CONCLUSION

CONCLUSIONS

The majority BSBMTCT member centres/DMS favour using Med-A HSCT forms over Med-B HSCT forms, which are seen as time consuming and complex. When the new EBMT database goes live and there is a period-of-time when Med-B HSCT data cannot be entered or accessed it will not pose a problem for the majority of BSBMTCT member centres and their DMS.

There are, in total, 5 DMS who have requested an export of Med-B data before ProMISe is frozen. Four of which come from Med-A only centres and so require access to the historical Med-B data. Only one of which comes from a Med-B only or combination Med-B and Med-A centre. It is interesting that more requests came from DMS at Med-A only centres.

Three (50%) responding DMS from Med-B only or combination Med-B and Med-A centres felt that if they couldn’t complete or enter Med-B forms for a period-of-time it would have an impact on them. To help them during this period two of the affected DMS were willing to implement different strategies:

  • DMS at 1 centre would consider collecting Med-B data on spreadsheets, temporarily switch to Med-A forms and have an export of Med-B items (prior to ProMISe being frozen) to help them.
  • They mainly need Med-B data for site/team records, additional information and reports.

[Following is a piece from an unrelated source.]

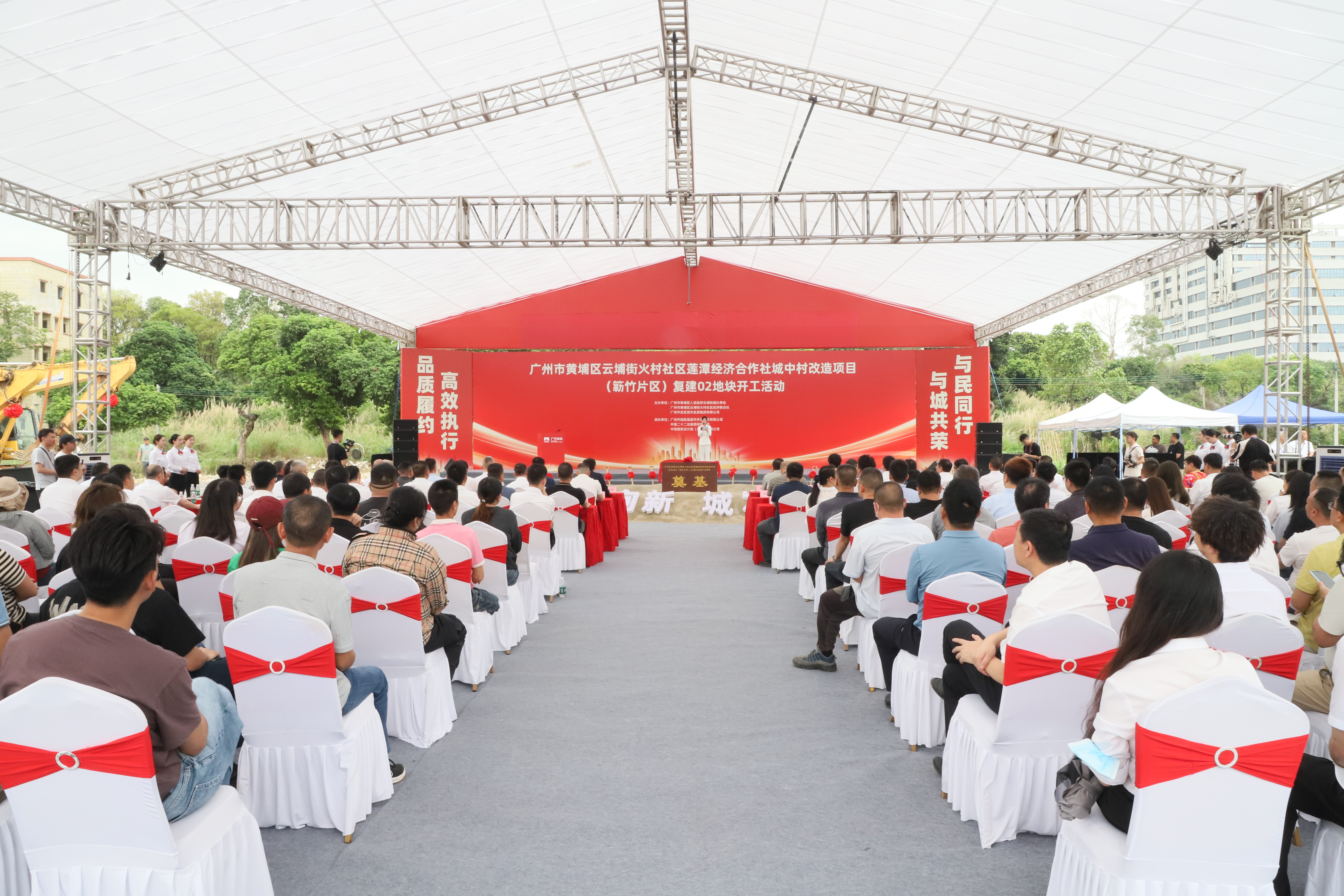 4月8日,华南公司广州市黄埔区云埔街火村社区莲潭经济合作社城中村改造项目(簕竹片区)复建02地块举行开工仪式。

The information that is important to them is Virology, History fungal infection, Cell counts, Chimerism, Complications and Karnofsky. They do approximately 50 Med-B forms (irrespective of type) in a year.
  • Another centre would consider collecting Med-B data on spreadsheets and temporarily switch to Med-A forms. They didn’t require an export of Med-B items (prior to ProMISe being frozen).
  • They mainly need Med-B data for research spreadsheets and their own records. They do approximately 12 Med-B forms (irrespective of type) in a year.
  • One of the centres however, were unwilling to switch to Med-A forms, even temporarily, as they need the Med-B data. They didn’t know if they wanted to use spreadsheets or have an export of Med-B data (prior to ProMISe being frozen) to help them while there was no EBMT database supporting Med-B data.
  • They mainly need Med-B data for study data and centre outcomes. They do approximately 140-150 Med-B forms (irrespective of type) in a year.

A large Med-B centre the new EBMT database with its limited Med-B functionality could pose a big problem for them when it goes live. This will hopefully be a short-term issue for them but it could be worth the centre planning for longer-term Med-B disruption.

Unfortunately, 15 centres and their DMS did not respond so we don’t have a complete picture on how important Med-B functionality in the new EBMT database will be to them.